Assignment: Transcribe the entries below word for word, beginning at the line with "Ultrasound images of" and stopping after the line with "Shell Bursting in"; drop all pictures.

Given data:
○ ○ ○ ○

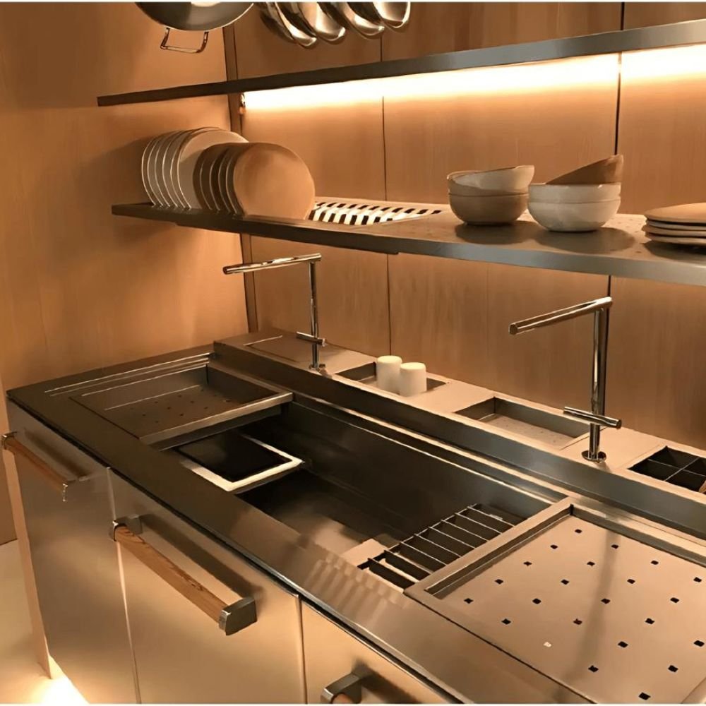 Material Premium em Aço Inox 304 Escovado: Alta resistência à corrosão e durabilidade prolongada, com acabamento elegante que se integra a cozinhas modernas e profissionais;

○ ○ ○ ○

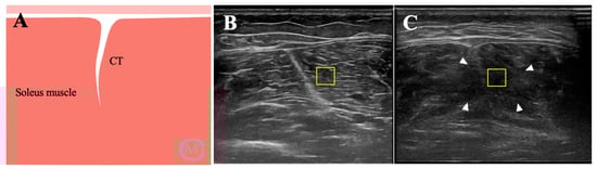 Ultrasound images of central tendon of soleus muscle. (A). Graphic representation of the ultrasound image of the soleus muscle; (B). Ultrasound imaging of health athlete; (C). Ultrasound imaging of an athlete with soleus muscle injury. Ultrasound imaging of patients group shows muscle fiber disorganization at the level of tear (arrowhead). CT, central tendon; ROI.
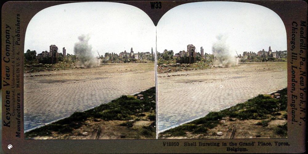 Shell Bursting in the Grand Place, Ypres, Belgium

○ ○ ○ ○

Reply to the exercise:
 Ultrasound images of central tendon of soleus muscle. (A). Graphic representation of the ultrasound image of the soleus muscle; (B). Ultrasound imaging of health athlete; (C). Ultrasound imaging of an athlete with soleus muscle injury. Ultrasound imaging of patients group shows muscle fiber disorganization at the level of tear (arrowhead). CT, central tendon; ROI.
 Shell Bursting in the Grand Place, Ypres, Belgium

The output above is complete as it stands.